WORK REQUEST =
Reproduce the whole listing word for word. Leave every image out.

----- RECORDED DATA -----

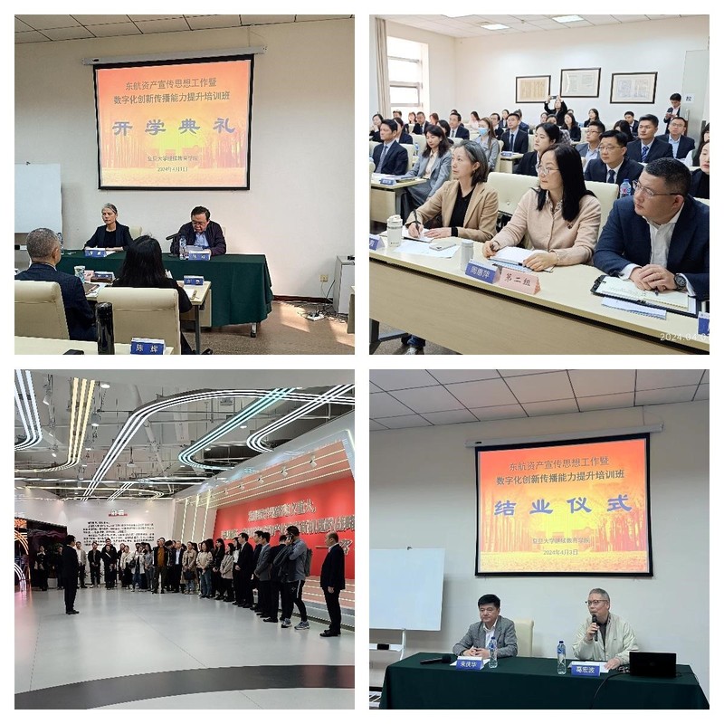 4 月 1 日,东航资产宣传思想工作暨数字化创新传播能力提升培训班开学典礼在卿云宾馆举行。东航资产董事、党委副书记、副总经理陈卓,胡波院长出席开班式。胡院长代表学校致辞,对 54 名来自东航资产公司宣传战线、党务条线及品牌工作项目的学员表示欢迎,他从干部教育是复旦大学的重要任务、干部教育培训工作是大学与社会的双向奔赴、培训学员是复旦大学宝贵的校友财富三个方面向与座领导及学员介绍了学校干部培训工作的相关情况。陈卓副书记作动员讲话,她希望所有学员能够加强思想认识,切实落实行动,以培训促提高,真正实现深入学习贯彻党的二十大精神,巩固拓展主题教育成果的目的,进一步凝聚对公司新板块、新使命、新任务的共识,深化对新领域、新媒介、新技术的理解,着力锻造高素质专业化的宣传工作队伍,为推动东航资产从“融合”向“融活”转变厚植内生动力、营造良好氛围。
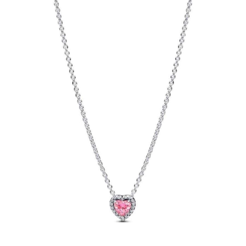 • Riipuksen keskellä on sydämenmuotoinen pinkki sydän, jota kehystää pavé-istutetut zirkonia kivet.
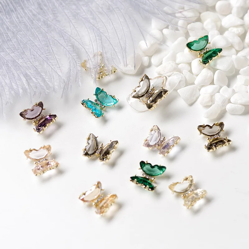 New Fashion Three-dimensional Crystal Butterfly Transparent Super Flash Alloy Rhinestone DIY Nail Decoration Accessories

-----

ANSWER =
 4 月 1 日,东航资产宣传思想工作暨数字化创新传播能力提升培训班开学典礼在卿云宾馆举行。东航资产董事、党委副书记、副总经理陈卓,胡波院长出席开班式。胡院长代表学校致辞,对 54 名来自东航资产公司宣传战线、党务条线及品牌工作项目的学员表示欢迎,他从干部教育是复旦大学的重要任务、干部教育培训工作是大学与社会的双向奔赴、培训学员是复旦大学宝贵的校友财富三个方面向与座领导及学员介绍了学校干部培训工作的相关情况。陈卓副书记作动员讲话,她希望所有学员能够加强思想认识,切实落实行动,以培训促提高,真正实现深入学习贯彻党的二十大精神,巩固拓展主题教育成果的目的,进一步凝聚对公司新板块、新使命、新任务的共识,深化对新领域、新媒介、新技术的理解,着力锻造高素质专业化的宣传工作队伍,为推动东航资产从“融合”向“融活”转变厚植内生动力、营造良好氛围。
 • Riipuksen keskellä on sydämenmuotoinen pinkki sydän, jota kehystää pavé-istutetut zirkonia kivet.
 New Fashion Three-dimensional Crystal Butterfly Transparent Super Flash Alloy Rhinestone DIY Nail Decoration Accessories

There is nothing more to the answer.